I reread Princess Academy earlier this summer, not knowing that you were going to do this wonderful series, and every once in a while I felt overcome by how lovely your writing is. I love Miri, and the conflict with her family especially. My question is this: when you first write a main character, how do you make sure that she or he is not too much like you? I know I have a hard time drafting because I tend to get nervous that my MC is too similar to me.
Posted by: Tori | July 26, 2012 at 08:22 AM
If they were to make Princess Academy into a movie who would be your personal first pick to play her? :)
Posted by: Maddie | July 26, 2012 at 09:00 AM
Shannon, knowing the novel is far from finished, I'm curious to know when/how you recognize/define that point when you call a first draft complete?

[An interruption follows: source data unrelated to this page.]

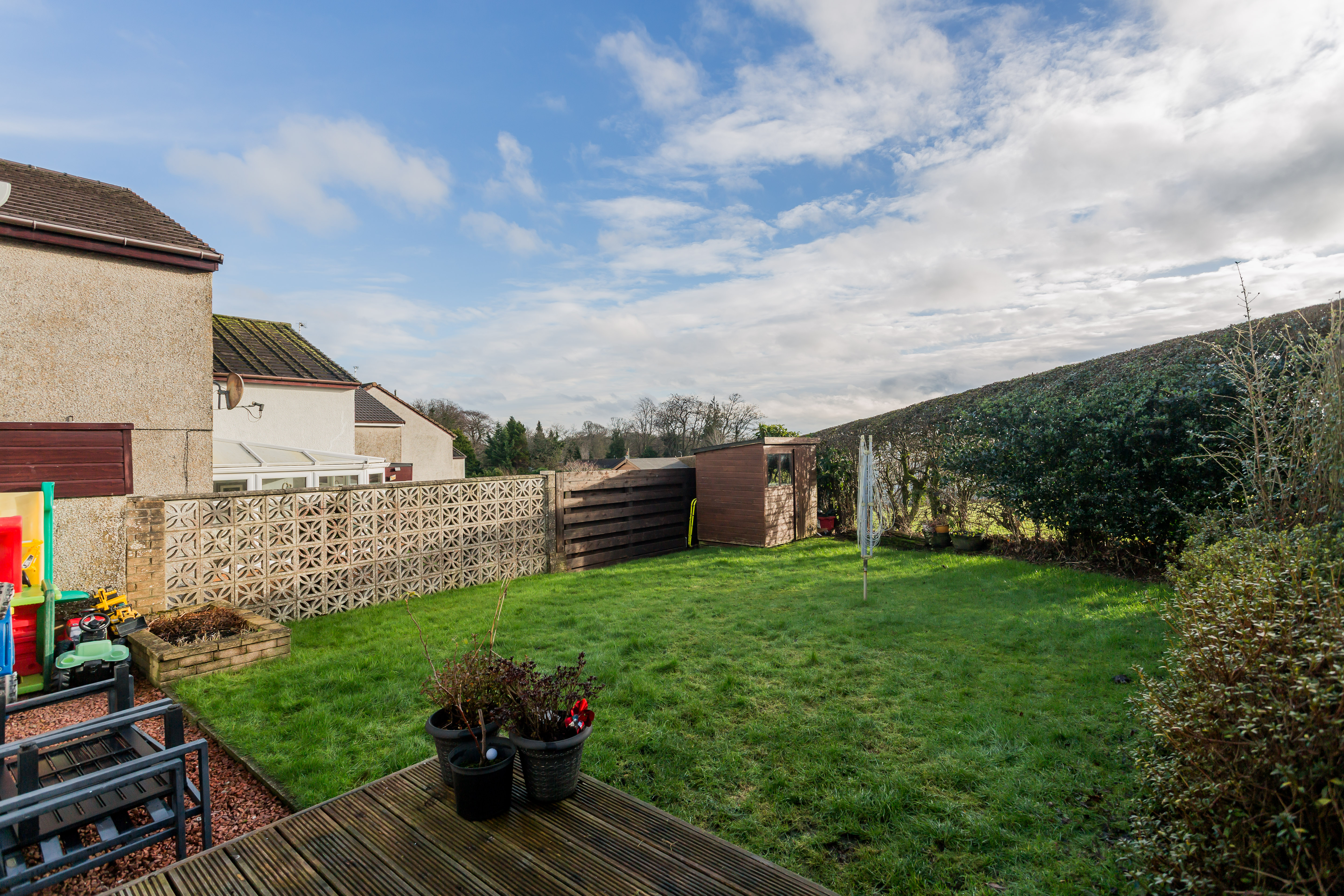 Externally to the rear the fully enclosed rear garden is mainly laid to lawn with timber deck all bordered by timber fencing and a mature hedge.
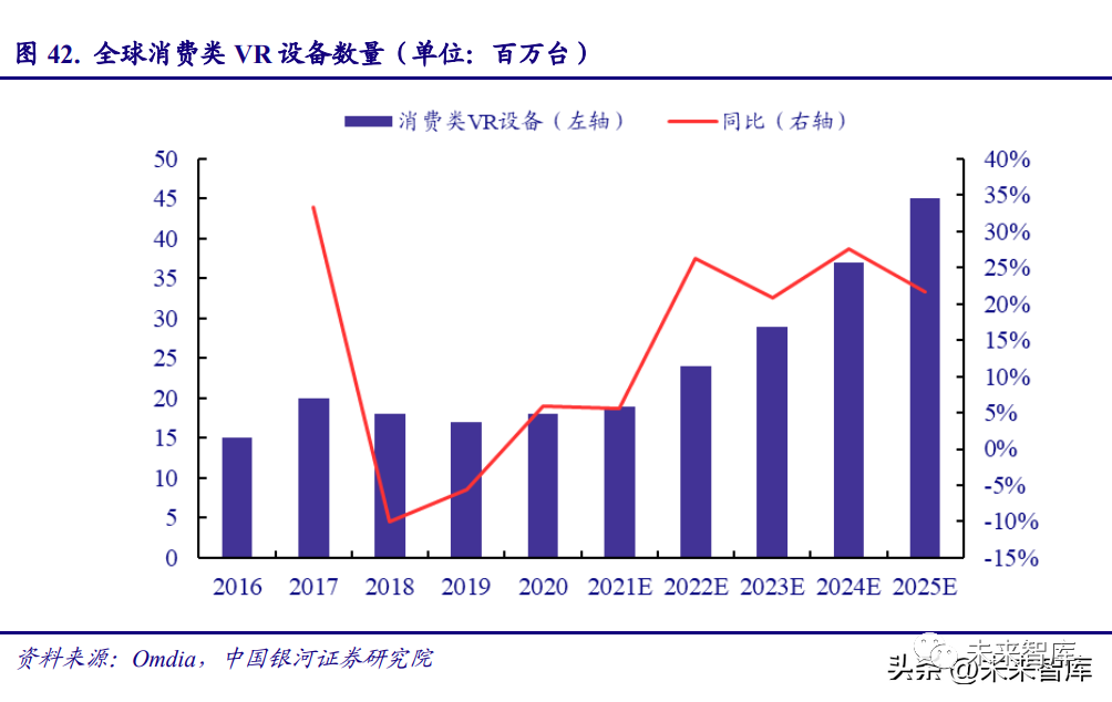 生態快速發展,消費類 VR 加速滲透。全球多家科技巨頭如 Facebook、三星、華為、小米 等均已推出 VR 頭戴設備;同時頭部廠商積極拓展軟件生態,擴展 VR 設備的用戶圈:2021 年 4 月 21 日 Oculus 舉行了首屆游戲展,發布了 12 款應用于 Quest 2 的 VR 游戲,VR 游戲生態 逐漸完善。我們認為,隨 5G 商用進程加快,VR 生態的快速成長,消費類 VR 設備將進入快 速滲透期。據 Omdia 預測,到 2025 年,VR 活躍用戶將突破 4,500 萬,消費類 VR 設備數量 有望增加至 4,500 萬臺。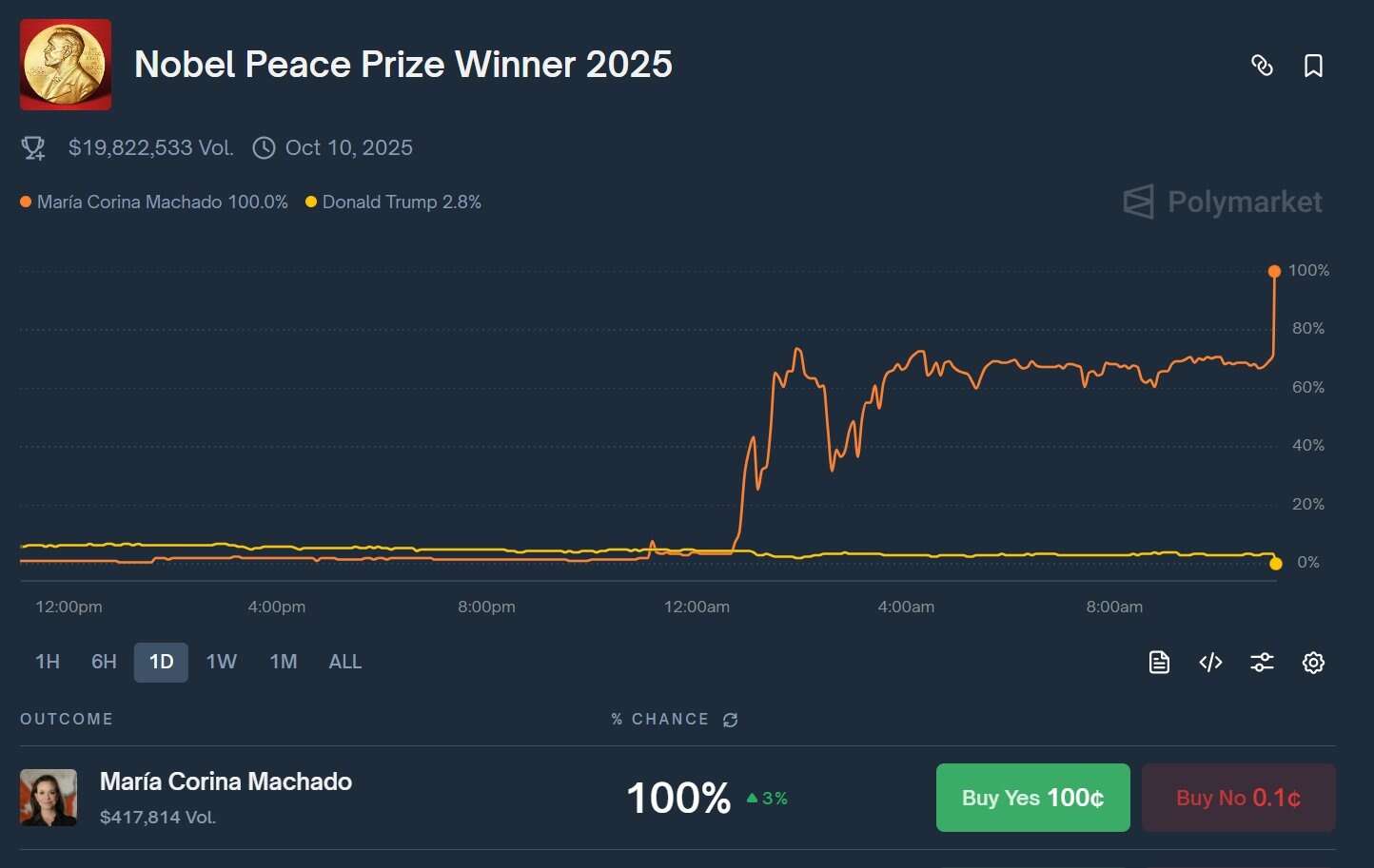 במקביל להכרזה על זכייתה של מריה קורינה מצ׳אדו פרצה שערוריה בנורבגיה בעקבות תנועות חשודות בפלטפורמת הניבויים והתחזיות ״פולימרקט״. ההימורים על זכייתה של מצ׳אדו זינקו זמן קצר לאחר חצות לפי שעון נורבגיה, כשסיכויי הניצחון שלה קפצו מ-3% ל-60%, שעות ספורות לפני ההכרזה הרשמית.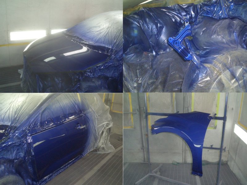 フロントバンパー、ヘッドライト、フェンダーに関しては損傷が激しい為交換で対応、ボンネット、フロントドア鈑金修理で対応して行きます。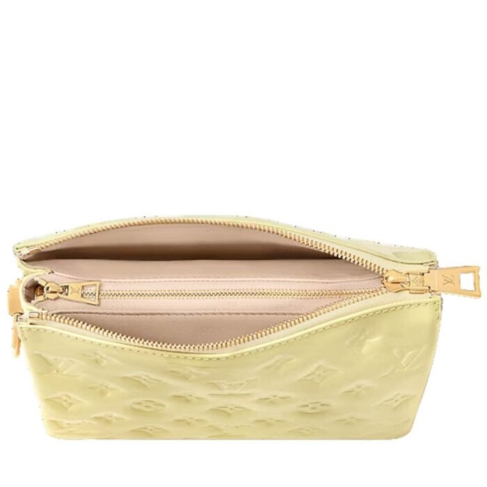 Introducing the LOUIS VUITTON COUSSIN BB in a delightful new hue, Chic & Yellow, with a lustrous finish that adds a touch of glamour to any ensemble. Crafted in puffy varnished calfskin, this compact yet statement-making bag is adorned with embossed Monogram motifs, lending a tactile flair to its design.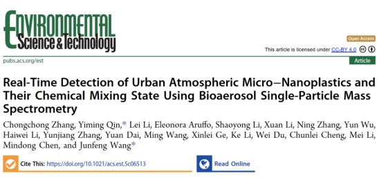 近日,汪俊峰教授团队联合香港城市大学覃意茗助理教授等在Environmental Science & Technology发表题为“Real-Time Detection of Urban Atmospheric Micro–Nanoplastics and Their Chemical Mixing State Using Bioaerosol Single-Particle Mass Spectrometry”的研究成果。文章第一作者为环境科学与工程学院23级博士生张崇崇,覃意茗助理教授、汪俊峰教授共同为通讯作者。
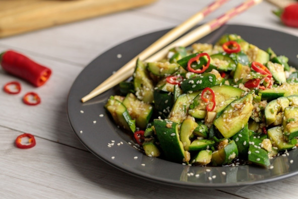 – Подготовленные продукты полить соусом, перемешать и посыпать семенами кунжута.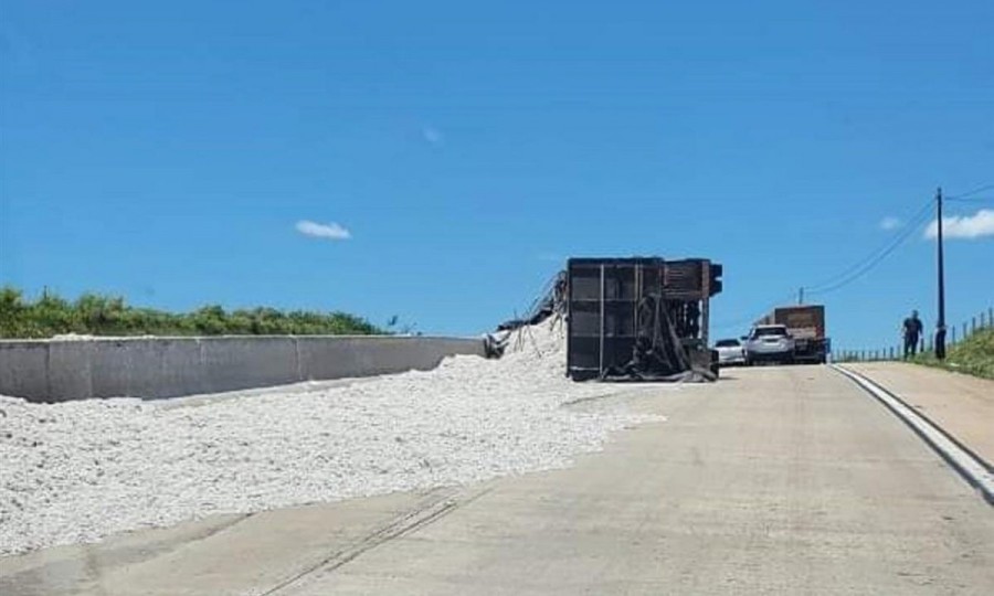 Com o fato, a carga foi derramada na rodovia, deixando uma das pistas parcialmente interditada.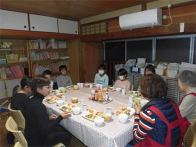 てらこやワイワイクッキング みんなでご飯を食べています。家族でない大人に誉めてもらうことで子供たちは元気になります。「自分でできることをやってみる」そんな気持ちになります。ほとんどの子供が登校できるようになりました。
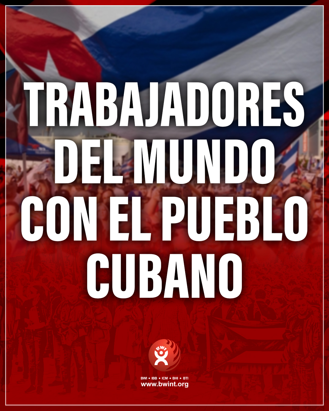 L'Internationale des Travailleurs du Bâtiment et du Bois (IBB) appelle ses affiliés à exprimer leur solidarité avec le peuple cubain et, en particulier, avec le Syndicat National des Travailleurs du Bâtiment de Cuba (SNTC), membre associé spécial de l’IBB, à travers la campagne « Travailleurs du Monde avec le Peuple Cubain ».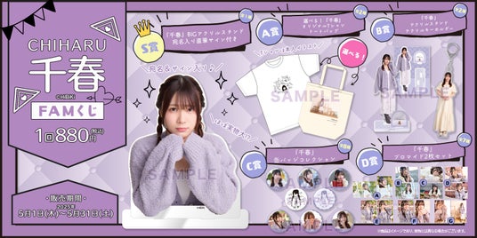 ファンエンゲージメントプラットフォーム「FAM」の企画・開発・運用を手掛ける株式会社Nagisa(本社:東京都渋谷区、代表取締役社長:横山佳幸)は、オンラインくじサービス「FAMくじオンライン」において、<『深川瑠華』FAMくじ>、<『渡瀬結月』FAMくじ>、<『千春』FAMくじ>を2025年5月1日(木)15:00より販売開始いたします。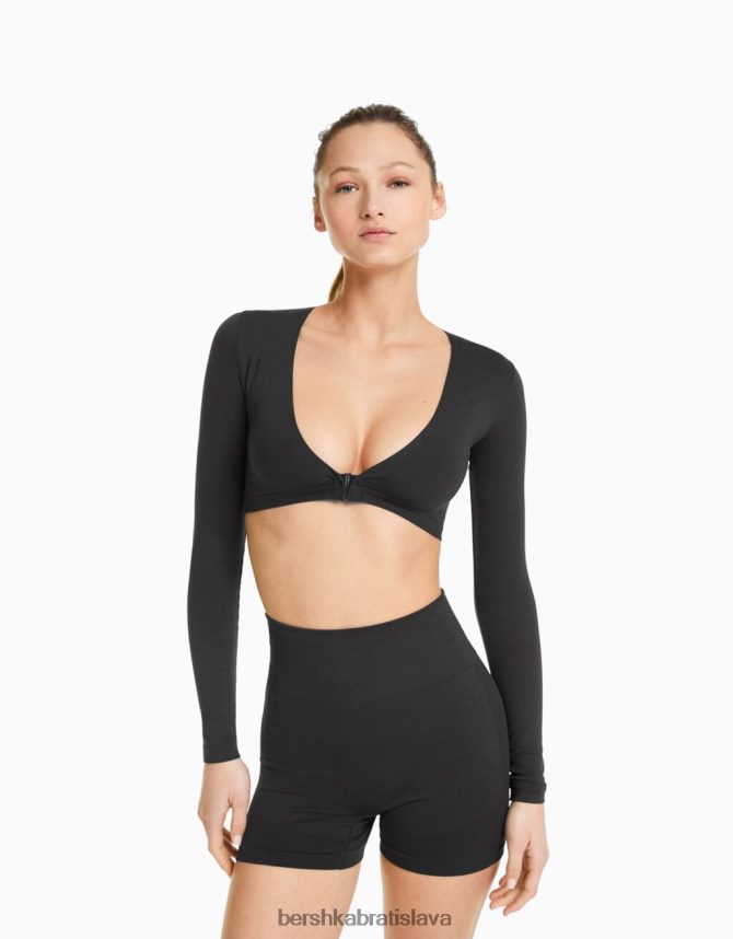 Bershka ženy Bezšvové skrátené tričko s dlhým rukávom a výstrihom do V tmavo šedá oblečenie B86RXX372 Bershka Nohavice
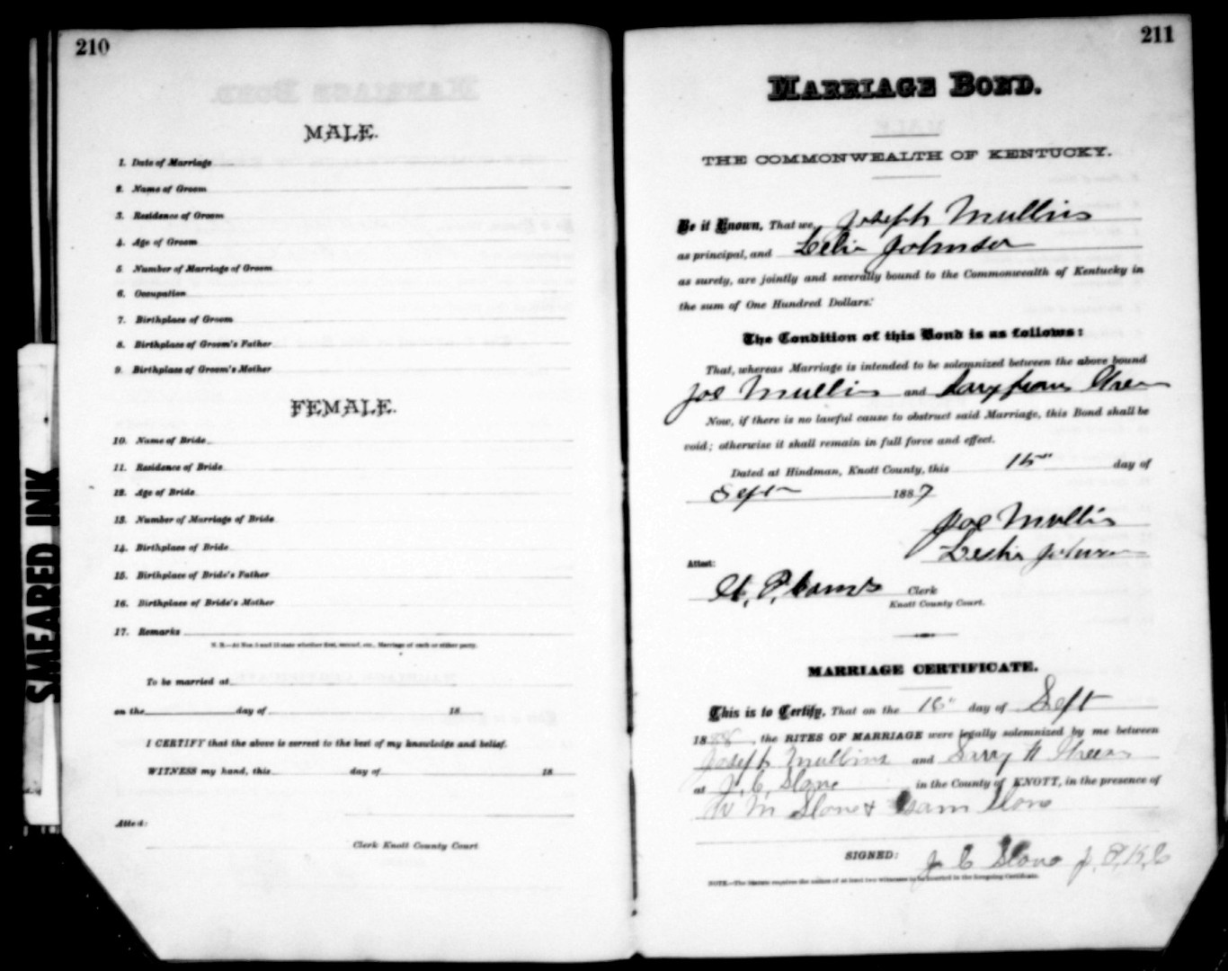 | Casebolt | William | Mullins | Sarah Ellen | 1890-09-16 | ***Permission Slip for Sarah*** | |||||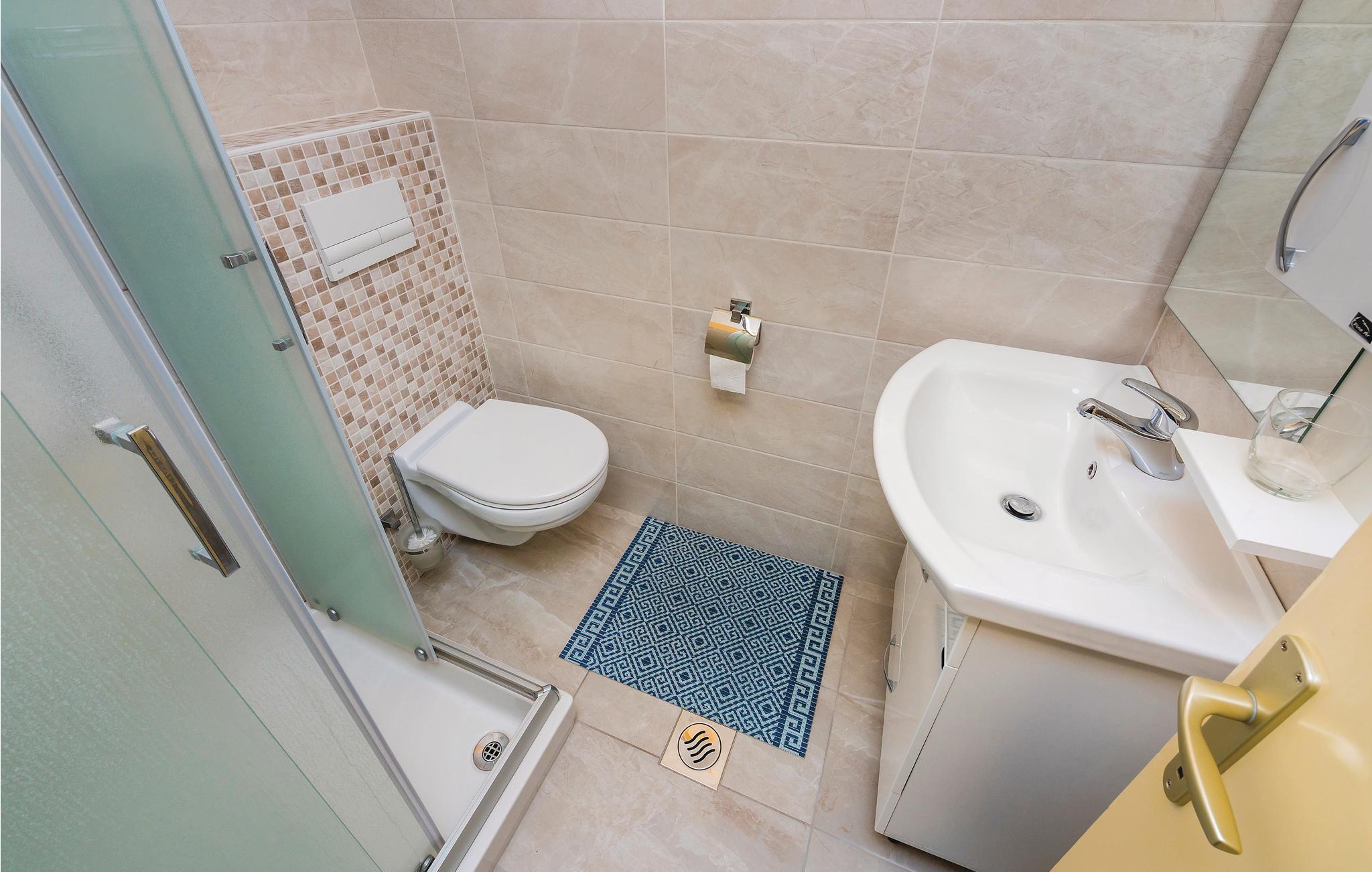Badezimmer (nr. 1) - WC. Warmes und kaltes Wasser. Dusche

Posted by: Susan | July 26, 2012 at 10:18 AM
The first time I read this book, I reached this point and I was very intrigued. The seemingly main part of the book was over but there were still so many pages left...what would happen next, I wondered. I want to thank you for throwing me for a loop in the pages after because I was expecting something more but it turned out to be nothing that I expected. It created a very intense and exciting book to the end. Also, I love the contrast between the girls having the thought that they will have to spend another winter studying and the reality that their dull winter becomes quite thrilling and also life-changing.
Posted by: Bekah | July 26, 2012 at 11:35 AM
I was definitely not expecting this twist the first time I read it. This is the part where I absolutely could not put the book down until I had reached the end. And there aren't too many books/authors that can keep me up at night reading!
Posted by: Heather | July 26, 2012 at 12:27 PM
I have 2 questions: 1. In Forest Born, on page 135, Enna wants to tell a joke about Tirans, but Isi won't let her. I was wondering if you had a specific joke in mind for her to say or not. I know you don't like to add anything other than what is in the book already, but I wonder every time I read that part, and I figure I may as well ask. 2. How do you put imagery in your books? When I write, I have a hard time with it because the descriptions seem too lengthy or don't fit in the story anywhere, and when I go back and reread it, it doesn't describe the image of the person or object I have in my head. So I was wondering if you had any tips on how to describe things better. Thanks! I am really enjoying this summer book club!
Posted by: Emily | July 26, 2012 at 04:02 PM
Of the characters, the world, and the plot, which is easier for you to develop and write? How do you work on the other two?
I am so excited for Palace of Stone! Your other books have enchanted and inspired me so much, and I can't wait for more!